Interview: Habib Ben Hassine

Can you describe the factors driving regional sector growth, and how insurers can leverage them?

HABIB BEN HASSINE: The African insurance market is developing. In 2017 insurance premiums on the continent grew by 12.3% to reach €59.2bn, whereas global growth averaged 4%. However, there are significant disparities behind this figure: South Africa accounts for over 72% of premiums on the continent, while the regional penetration rate – excluding South Africa, where the rate is 13% – does not exceed 3%, compared to a global rate of 6.3%.

African macroeconomic dynamics are linked with demographic changes, the growth of the middle class and rapid urbanisation throughout the continent. Under these circumstances long-term investments in construction, education, transport, agriculture and health will increase. African insurers must seek to capture the growth potential offered by these opportunities, positioning themselves as guarantors of trust that are able to support businesses and individuals in these changes.

How can digitalisation help insurance companies to improve the reach and quality of their services?

BEN HASSINE: The main problem faced by insurers is distribution. Digitalisation can help solve it by reaching out to Africans and offering services that correspond to their needs and means. Stakeholder collaboration will be essential to removing regulatory hurdles and resolving payment safety issues related to the use of digital tools. Digitalisation can benefit insurers in other ways. For instance, the digitalisation of internal operations can help optimise deadlines and mitigate the risk of fraud through the digitisation of contract underwriting and management claims.

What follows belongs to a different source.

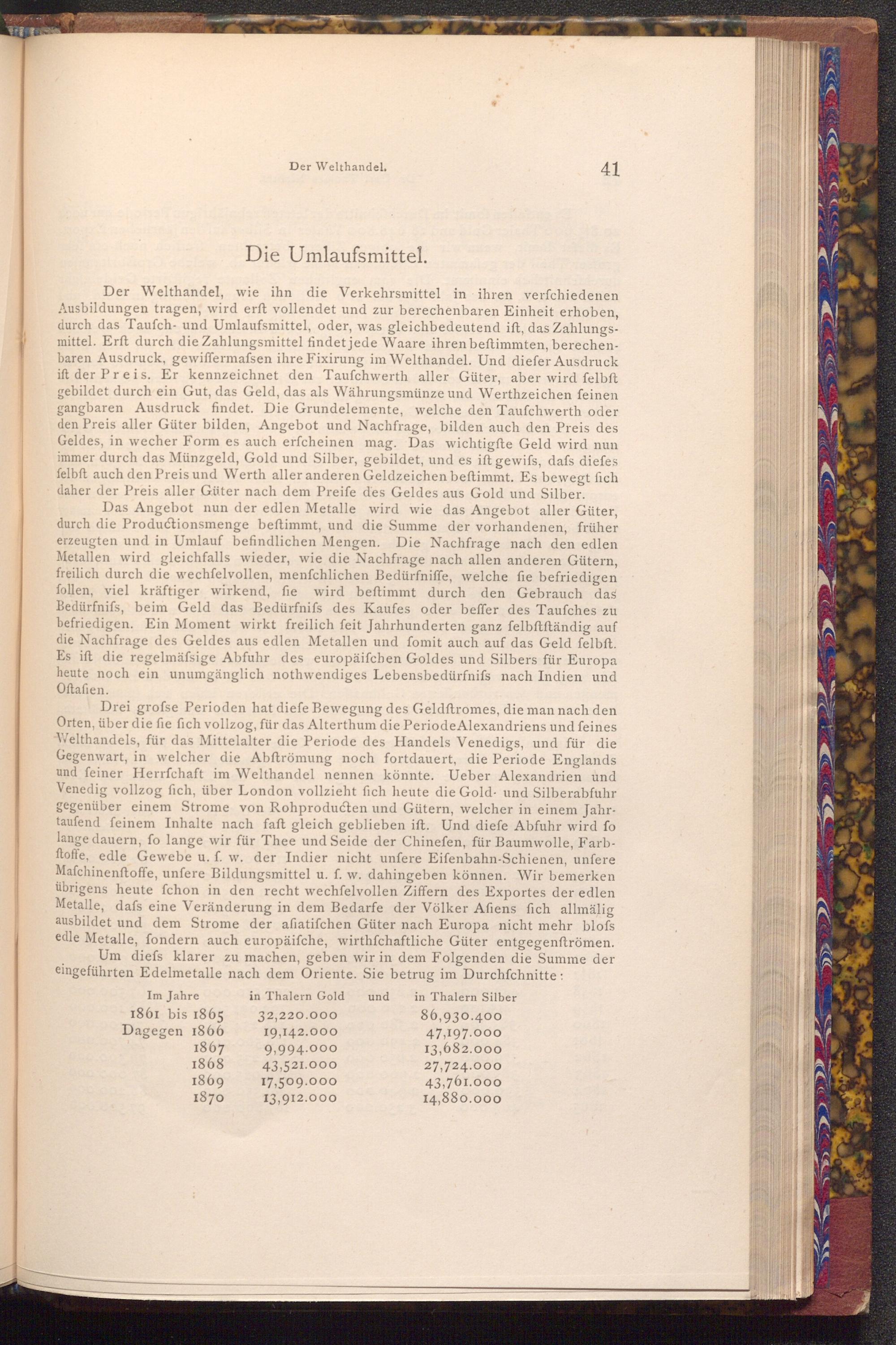 Drei grofse Perioden hat diefe Bewegung des Geldftromes, die man nach den Orten, über die fie fich vollzog, für das Alterthum die Periode Alexandriens und feines Welthandels, für das Mittelalter die Periode des Handels Venedigs, und für die Gegenwart, in welcher die Abftrömung noch fortdauert, die Periode Englands und feiner Herrfchaft im Welthandel nennen könnte. Ueber Alexandrien und Venedig vollzog fich, über London vollzieht fich heute die Gold- und Silberabfuhr gegenüber einem Strome von Rohproducten und Gütern, welcher in einem Jahrtaufend feinem Inhalte nach faft gleich geblieben ift. Und diefe Abfuhr wird fo lange dauern, fo lange wir für Thee und Seide der Chinefen, für Baumwolle, Farbftoffe, edle Gewebe u. f. w. der Indier nicht unfere Eifenbahn- Schienen, unfere Mafchinenftoffe, unfere Bildungsmittel u. f. w. dahingeben können. Wir bemerken übrigens heute fchon in den recht wechfelvollen Ziffern des Exportes der edlen Metalle, dafs eine Veränderung in dem Bedarfe der Völker Afiens fich allmälig ausbildet und dem Strome der afatifchen Güter nach Europa nicht mehr blofs edle Metalle, fondern auch europäiſche, wirthschaftliche Güter entgegenftrömen. Um diefs klarer zu machen, geben wir in dem Folgenden die Summe der eingeführten Edelmetalle nach dem Oriente. Sie betrug im Durchschnitte:

Digitalisation also affects the management of customer relationships. The wider shift towards digital has increased customer expectations. Indeed, having become accustomed to online purchases and payments, document dematerialisation, interactive communication and increased recourse to social networks, Tunisians expect their insurers to provide equivalent services. Therefore, the key issue for insurers is to adapt their distribution tools to new ways of consumption. Insurance companies embracing these changes could significantly improve their services. The continuity of a digital customer relationship offers the possibility to improve customer performance tracking, mitigating default risks and rewarding loyalty. Overall, digitalisation can help to increase revenues and streamline costs.

What can be done to grow insurance premiums?

BEN HASSINE: Domestic insurance has averaged 8% growth in the last few years, compared to GDP growth of 1.4%. The national penetration rate also rose from 1.8% in 2011 to 2.2% in 2017, though this remains low compared to the world average. Lastly, density – or average premium per capita – improved from TD110 ($38.21) in 2011 to TD182 ($63.21) in 2017. The sector is actively supporting national economic development and contributes to the financing of long-term investments and savings mobilisation. In fact, insurers reinvested over TD5.4bn ($1.9bn) in 2018, which is a good sign for the economy.

Insurance density is dependent on product innovation and distribution networks, as well as tax and social incentives. Creating an incentive framework, such as the growth of employee savings through insurance contracts signed by their employers, will support the development of life insurance and greater savings mobilisation. Moreover, the sector can play a major role in reforming pension plans and help to ease the growing burden of social insurance funds. Specifically, life insurance has tremendous growth potential in Tunisia, as the segment now accounts for 23% of local market turnover, compared to 58% in Europe, 65% in Asia and 80% in South Africa.